“Give Me Some of that Sweet,Sweet Crude!”
Sometimes we talk quantity and sometimes we talk quality. Last week Saudi Arabia tried to calm the oil markets by trying to make crude oil available because of the ongoing war in Libya, not to mention unrest in the rest of the region. They contacted European refiners to let them know that the Kingdom would graciously consider their request for oil. Nice guys right?
The problem of course is that most of those European refiners turned down the Saudis offer mainly because they lacked the ability to refine the Saudi sour crude. So, it was not a surprise when reports that Kuwait, the United Arab Emirates and Nigeria might make their higher quality crude available in extra quantities and the market reacted.

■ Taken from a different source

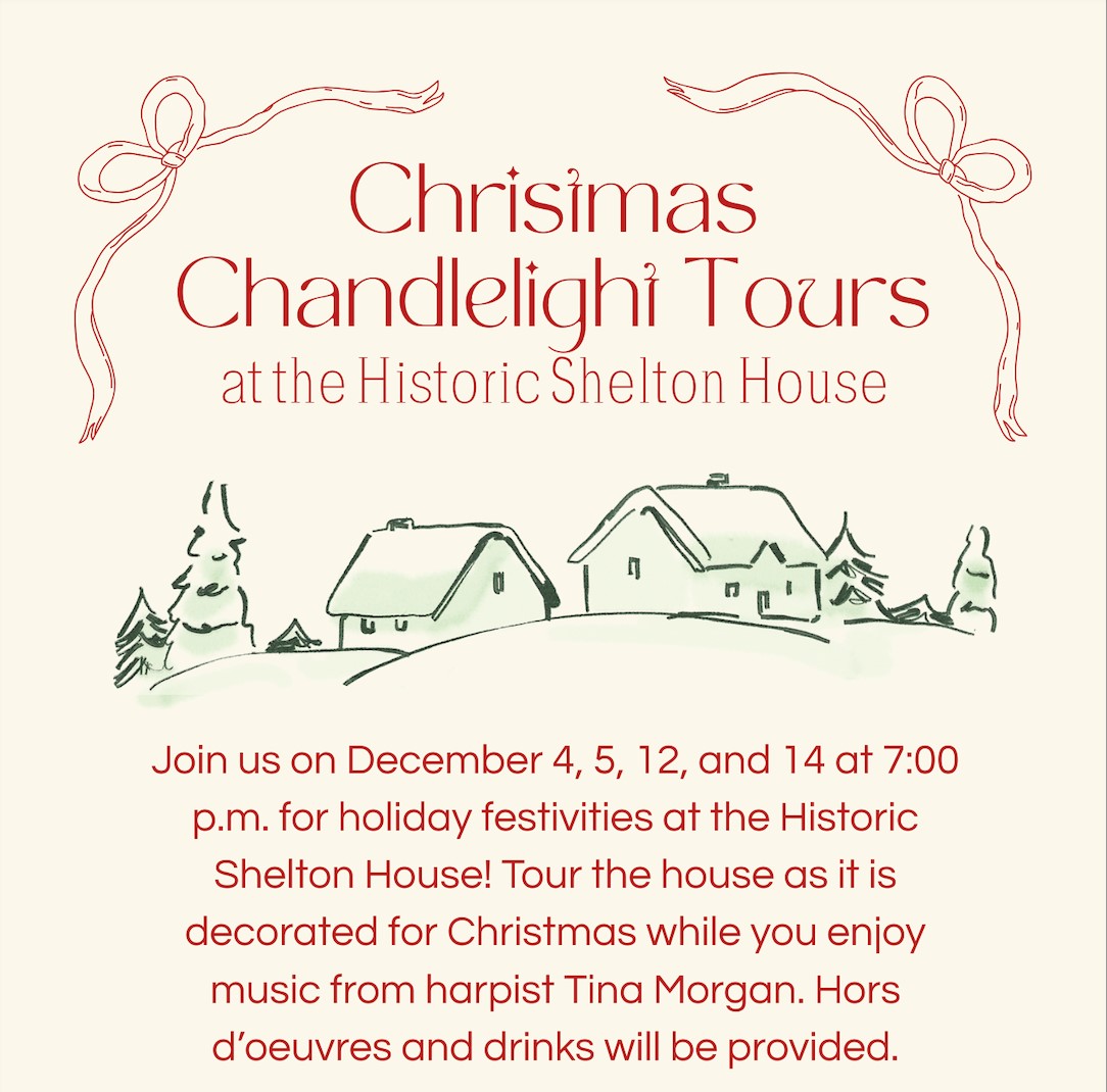 Christmas Candlelight Tours. Dec. 5, 6, 12, and 14 at 7:00 p.m. at Shelton House 49 Shelton St., Waynesville, NC. 28786, for an evening of fun. Tours begin at the front porch of the house, where you will be escorted inside to our dining room for drinks and hors d’ouvres. Additionally, harpist Tina Morgan will be playing live music for your enjoyment. After you get settled in, you will receive a tour of the house decorated for the holidays, illuminated by seasonal lights! Live foliage throughout the home, generously provided by the Waynesville Garden Club and Mountain View Garden Club, are sure to make you feel festive. Spaces for the tours are limited, so make sure you reserve your spot now by purchasing tickets. Call(828)452-1551.
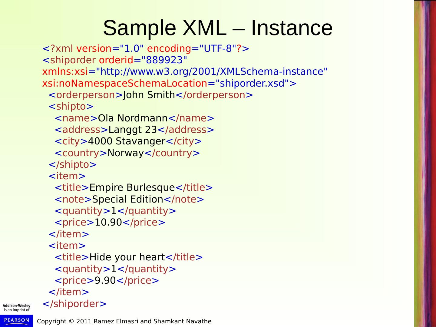 13 .Sample XML – Instance < ?xml version ="1.0" encoding ="UTF-8" ? > < shiporder orderid ="889923" xmlns:xsi ="http://www.w3.org/2001/XMLSchema-instance" xsi:noNamespaceSchemaLocation ="shiporder.xsd"> < orderperson > John Smith < / orderperson > < shipto > < name > Ola Nordmann < /name > < address > Langgt 23 < /address > < city > 4000 Stavanger < /city > < country > Norway < /country > < / shipto > < item > < title > Empire Burlesque < /title > < note > Special Edition < /note > < quantity > 1 < /quantity > < price > 10.90 < /price > < /item > < item > < title > Hide your heart < /title > < quantity > 1 < /quantity > < price > 9.90 < /price > < /item > < / shiporder >

Oh sure, oil prices broke a bit, but the promise of some higher quality crude for Europe really reeled in the Brent crude/WTI spread that had widened at one point to over a $20 a barrel premium over Brent. This spread had really been blown out of whack as North Sea production faltered and tension in the region lead to fears of tight supply of higher quality crude leaving European refiners scrambling because of the regional issues. Yet despite the dutiful break in oil, the market failed to follow through because the risk is not just to Europe but to the world in general.
Violence in Libya continues and tensions are red hot in Algeria, Bahrain, Iran, Kuwait, Yemen, Egypt, Jordan and the market's greatest fear, Saudi Arabia. Even the Energy Information Agency had to acknowledge the increasing risk to supply in its recent Short Term Energy Outlook.